Exercise objective =>
Look through the entries below and copy exactly the part that begins with the line containing "площадь: | 72.90 м2 |" and ends with the line containing "關於「未來」的討論,就有兩個話題書區——「未來是什麼模樣?」(What is the". Do not copy the pictures.

Information supplied =>
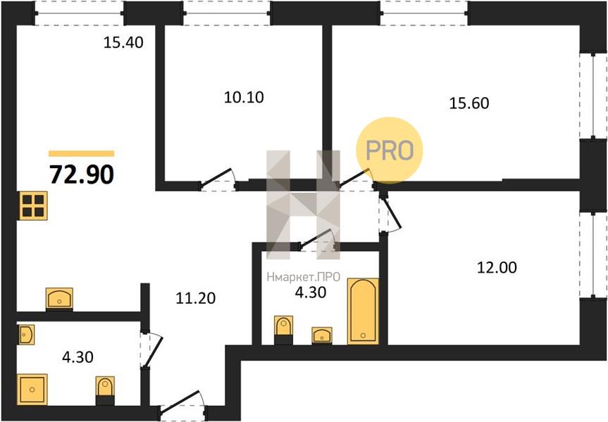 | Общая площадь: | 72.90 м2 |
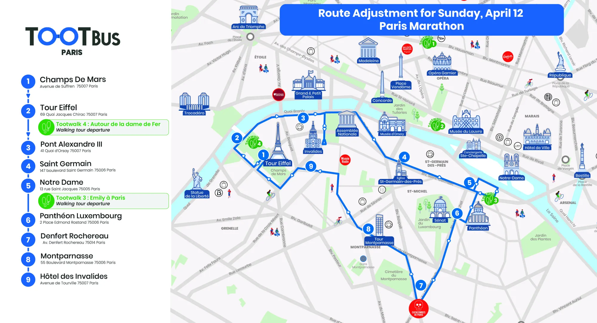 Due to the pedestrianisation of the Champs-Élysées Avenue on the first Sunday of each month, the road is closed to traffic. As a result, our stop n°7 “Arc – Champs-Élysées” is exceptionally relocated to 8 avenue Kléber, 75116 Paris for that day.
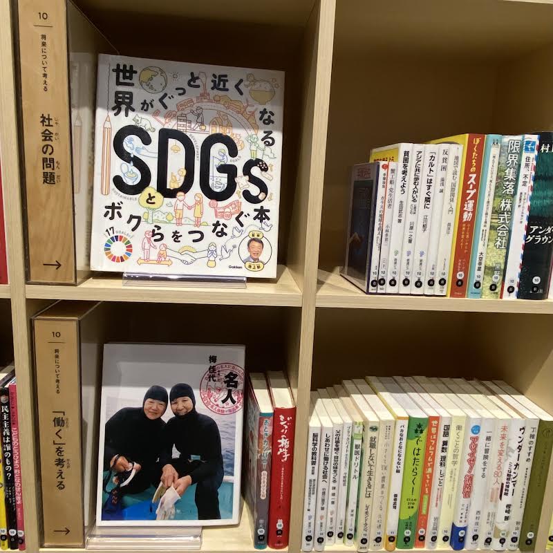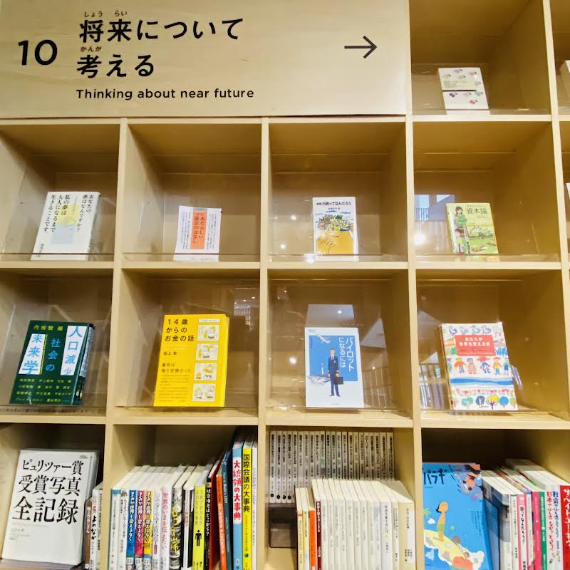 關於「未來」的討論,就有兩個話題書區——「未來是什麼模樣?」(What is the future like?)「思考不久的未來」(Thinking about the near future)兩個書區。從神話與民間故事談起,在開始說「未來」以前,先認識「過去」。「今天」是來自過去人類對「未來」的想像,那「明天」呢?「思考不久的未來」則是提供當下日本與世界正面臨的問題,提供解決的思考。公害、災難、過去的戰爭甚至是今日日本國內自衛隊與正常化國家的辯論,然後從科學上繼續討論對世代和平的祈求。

* * *

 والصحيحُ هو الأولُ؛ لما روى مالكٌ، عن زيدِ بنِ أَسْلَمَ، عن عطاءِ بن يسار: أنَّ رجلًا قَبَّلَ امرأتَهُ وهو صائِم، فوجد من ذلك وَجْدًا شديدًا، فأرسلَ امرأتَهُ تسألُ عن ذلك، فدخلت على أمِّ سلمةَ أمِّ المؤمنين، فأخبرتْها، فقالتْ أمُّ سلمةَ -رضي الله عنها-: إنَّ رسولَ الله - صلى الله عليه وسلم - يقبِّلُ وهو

Answer to this problem =>
 | Общая площадь: | 72.90 м2 |
 Due to the pedestrianisation of the Champs-Élysées Avenue on the first Sunday of each month, the road is closed to traffic. As a result, our stop n°7 “Arc – Champs-Élysées” is exceptionally relocated to 8 avenue Kléber, 75116 Paris for that day.
 關於「未來」的討論,就有兩個話題書區——「未來是什麼模樣?」(What is the future like?)「思考不久的未來」(Thinking about the near future)兩個書區。從神話與民間故事談起,在開始說「未來」以前,先認識「過去」。「今天」是來自過去人類對「未來」的想像,那「明天」呢?「思考不久的未來」則是提供當下日本與世界正面臨的問題,提供解決的思考。公害、災難、過去的戰爭甚至是今日日本國內自衛隊與正常化國家的辯論,然後從科學上繼續討論對世代和平的祈求。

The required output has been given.